Finding the optimal word count for SEO has long been a reason for vicious debates within the community. As with everything else, marketing experts are trying to figure out the ideal word count for each blog post so they can increase the likelihood of ranking.

While not as important as keywords, the target word count has its place in the SEO hierarchy. It can affect the content performance in several ways, which is why most writers prefer making longer pieces. Then again, simply boosting the number of words without providing any relevant information might come back to bite you.

So, does the word count matter? Read this article to find out!

How does word count affect search results?

For all intended purposes, word count isn’t a search ranking factor, and it has more of a passive effect. According to the biggest experts, it’s vital that you boost your SEO word count so that the readers perceive your long-form content as better and more relevant. As such, it is a fantastic trick for link baiting.

While word count isn’t relevant to the search intent, it might explain users’ questions a bit better. Basically, the more detailed the text, the better you’ll explain the topic. It’s not about how many words you have in your articles; it is how much information you can provide and whether you can force the target audience to stay on a page.

Word count and links

Having a higher word count can be important, but only if you use it wisely. The long-form content usually equals high-quality content, as you can explain almost any topic with 3,000 and 4,000-word articles. So, if you intend to boost the length of your posts, make sure to add quality information to them.

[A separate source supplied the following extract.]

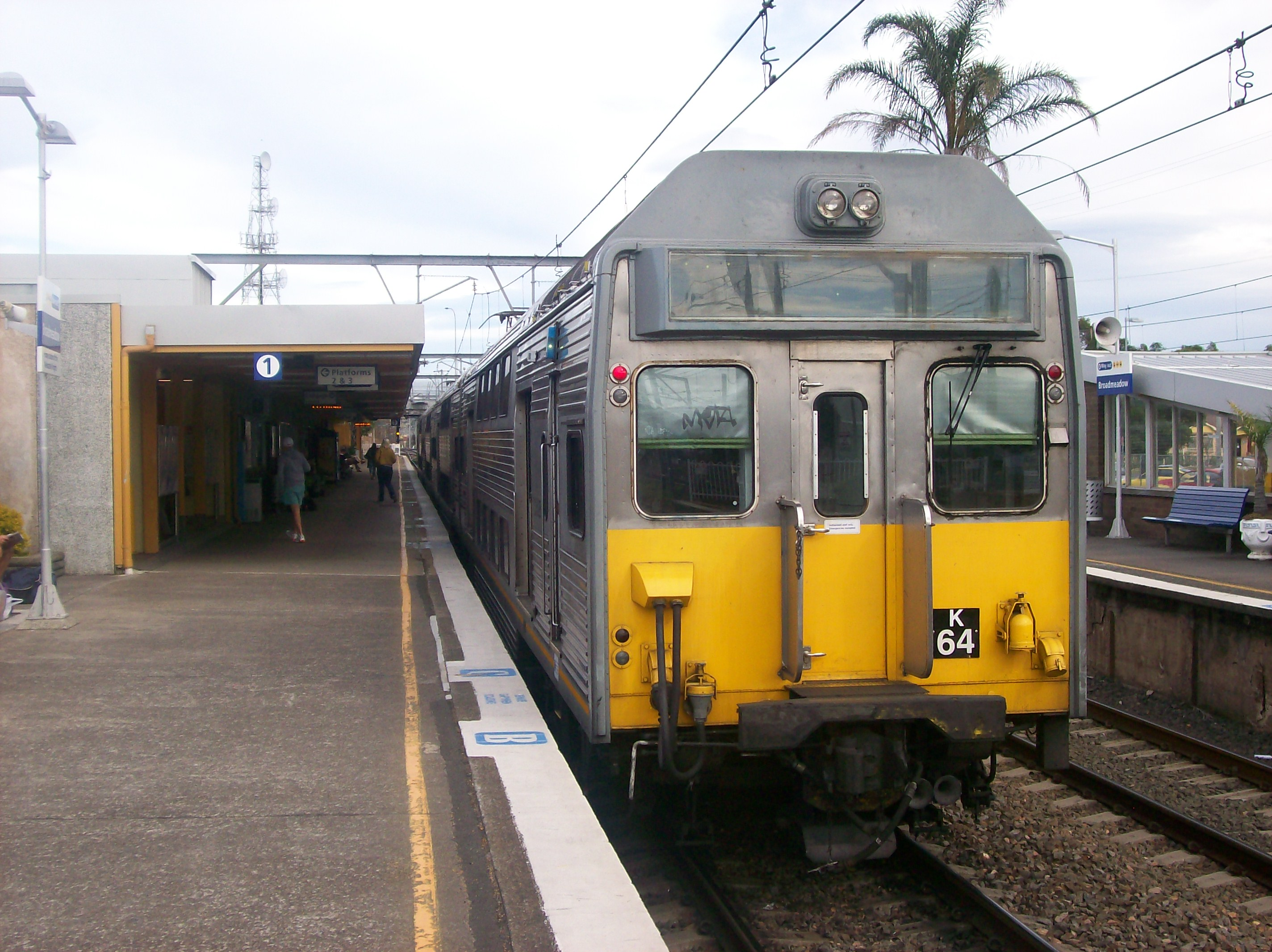 K64 Set at Broadmeadow railway station

When website visitors start reading your gigantic articles, they will be wowed by the sheer size and the amount of information. If you also add charts, visuals, and links to relevant external data sources, they will perceive them as better for their search queries.

This tactic has the biggest impact on other bloggers, who, although aware of this trick, still tend to link to these posts. Google’s algorithm will take note of the massive link influx, boosting your placement within the search rankings. In theory, just by exceeding the average word count, you can significantly improve your SEO performance.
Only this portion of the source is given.